Townsend raises $100,000 for 2002 governor's race; Business, labor leaders show support at Little Italy event


In the first major fund-raiser of her campaign for governor in 2002, Lt. Gov. Kathleen Kennedy Townsend attracted about 130 people paying $1,000 each for dinner at a Little Italy restaurant last night.

The event was billed as a joint salute to Townsend by business and labor and drew leaders of several private- and public-sector unions, as well as prominent Baltimore business people.

"It's wonderful to have all these friends come together," Townsend said, taking a break from shaking hands and posing for pictures. "It makes me happy."

After expenses, Townsend will raise about $100,000 from the event, aides said.

Although the election is three years away, Townsend is beginning to crank up her fund-raising efforts.
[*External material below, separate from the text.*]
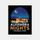 Sumérjase en la magia de Granada con esta escena nocturna inspirada en la Alhambra. Con una cálida arquitectura morisca bajo un cielo nocturno de ensueño, perfecto para viajeros, amantes de la historia y admiradores de la cultura andaluza. Ideal para pegatinas, camisetas y arte mural.

She had a $10-a-head event at the Baltimore Zoo in July and is planning a fund-raiser Sept. 18 on Cape Cod at the Kennedy family home in Hyannis Port, Mass.

Last night, supporters portrayed Townsend as a candidate able to appeal to both business and labor.

"She is really pro-business," said Stephen L. Snyder, a prominent plaintiff's trial lawyer in Baltimore who was a co-chairman of last night's event.

"She's a friend of the working-class people," said Kevin B. O'Connor, president of the state firefighters union. "She will be a fantastic leader in the future."

Also attending were union leaders representing auto workers, Baltimore police, state employees, steel workers and teachers.

Townsend drew some of Baltimore's best-known political patrons, including bakery owner John Paterakis and construction firm owner Willard Hackerman.

Edward Dopkin, chief executive of Classic Catering, said he decided to give Townsend money after looking at the possible campaign field. He said he has grown more impressed with her during her time in office.

"People didn't know her four or five years ago," Dopkin said. "But they have really learned a lot about her, and the more they get to know her, the more they like her."

Among elected officials who attended was U.S. Sen. Barbara A. Mikulski, who praised Townsend's record and called her "a real fighter."

Mikulski made clear in an interview later that she is still neutral in the Democratic gubernatorial race. "That was not an endorsement," she said. "Those were just friendly words for another sister in politics."

Several other ranking Democrats are considering a bid for governor in three years, including Montgomery County Executive Douglas M. Duncan, Baltimore County Executive C. A. Dutch Ruppersberger and Prince George's County Executive Wayne K. Curry.